AIM To present initial single-centre experience with the Flow Re-Direction Endoluminal Device, FRED. MATERIALS AND METHODS This was a retrospective study. All patients treated with FRED from October 2015 to April 2017 were included in the study. Details of the aneurysms, complications as well as follow-up results were recorded. A PubMed search was performed using the keywords "Flow Re-Direction Endoluminal Device", "FRED", "flow diverter", "FD", "FD Stent", "flow re-direction" and "flow redirection" and the results were reviewed and compared to the present authors. RESULTS A total of 21 patients with 25 aneurysms were analysed. No patient was lost to follow-up.

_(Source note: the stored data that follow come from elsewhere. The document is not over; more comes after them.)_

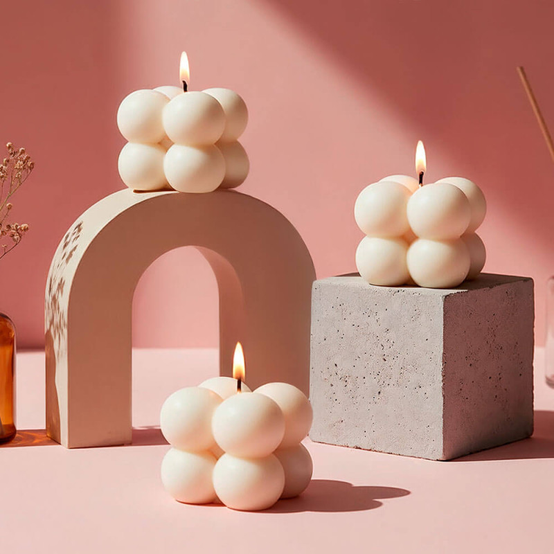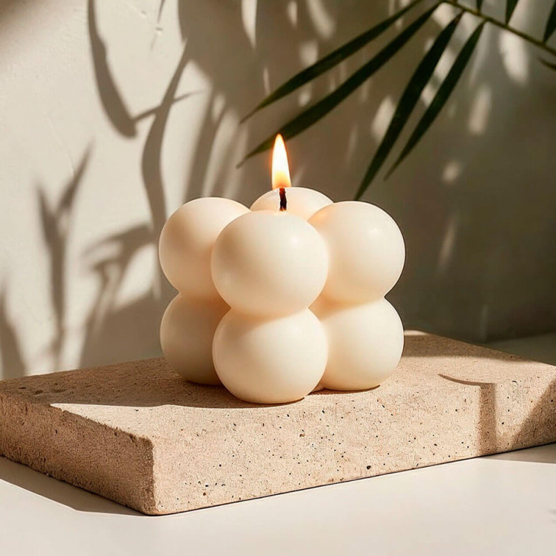 Je vyrobená zo silikónu a je nepriľnavá, pružná a veľmi odolná. Táto forma má tvar kocky a 4 guľôčky alebo bubliny s reliéfom na každej strane. Výroba sviečok s ňou je veľmi jednoduchá. Stačí roztopiť vosk, pridať esenciu a farbivo a premiešať. Do formy navleč knôt a naplň ju. Nechaj zaschnúť a sviečka je pripravená na použitie. Získaš jedinečné výtvory, ktoré môžeš darovať ako darček alebo si nimi ozdobiť svoj domov! Kliknutím na ďalšie podrobnosti sa krok za krokom dozvieš, ako vyrobiť sviečky pomocou tejto formy.
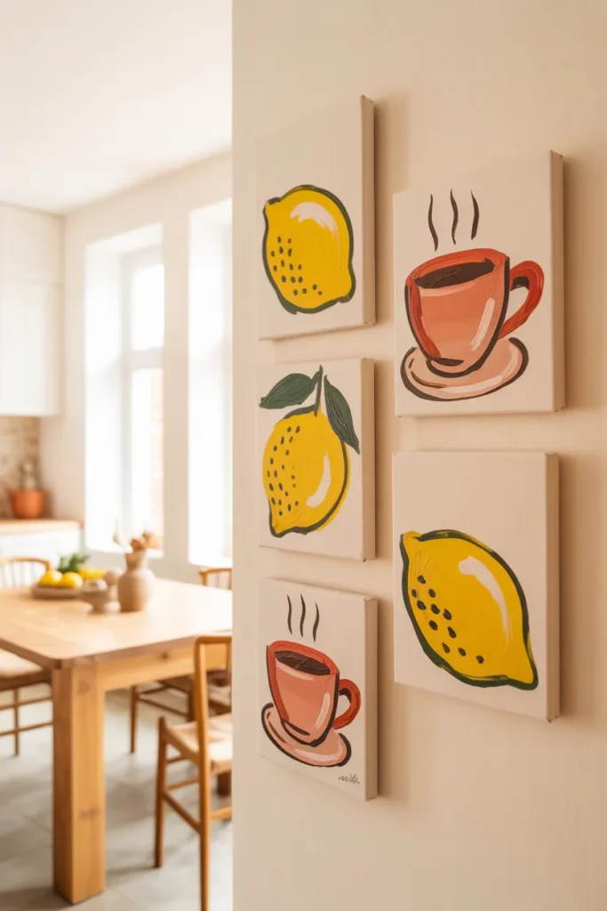 Why not paint your own art? Simple illustrations of lemons, pasta shapes, or coffee cups can feel charming and a little imperfect in the best way.
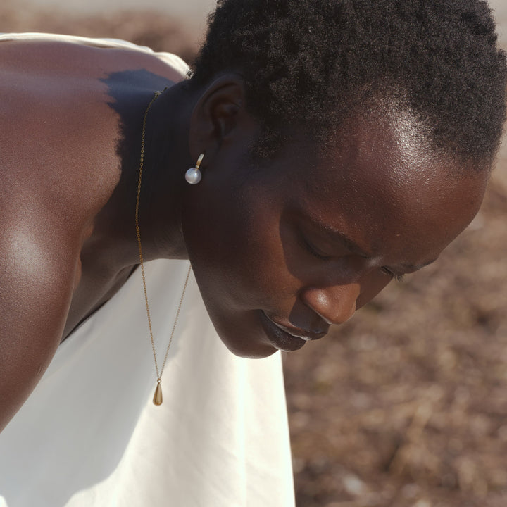 A trendy drop necklace in gold, a beloved classic, has now been updated with an elegant chain that holds the beautiful drop. The hanging necklace is made from waterproof stainless steel with a shiny 18k gold plating, making it both sleek and durable. Pair it with earrings from our extensive collection for a complete look.

At 6 months follow-up, 17 aneurysms (68%) were completely occluded, five had reduced flow, two had persistent flow and the remaining one showed increased flow. Two aneurysms from the reduced flow at 6 months had achieved complete occlusion at 1 year, raising the complete occlusion rate to 76%. Overall, 22/25 (88%) aneurysms were either occluded completely or had reduced flow at 1 year. The appearances of the other aneurysms were stable in subsequent follow-ups. Three complications were recorded (one haemorrhagic, two occlusive/thromboembolic). There was no mortality in the present study. The occlusion rate at University Hospital of Wales as well as the complication rate was comparable to other centres on published data. CONCLUSION FRED is a safe and effective flow diverter, which can be used to treat complex aneurysms that would have been of higher risk and for which for conventional coiling would be ineffective or unsuitable.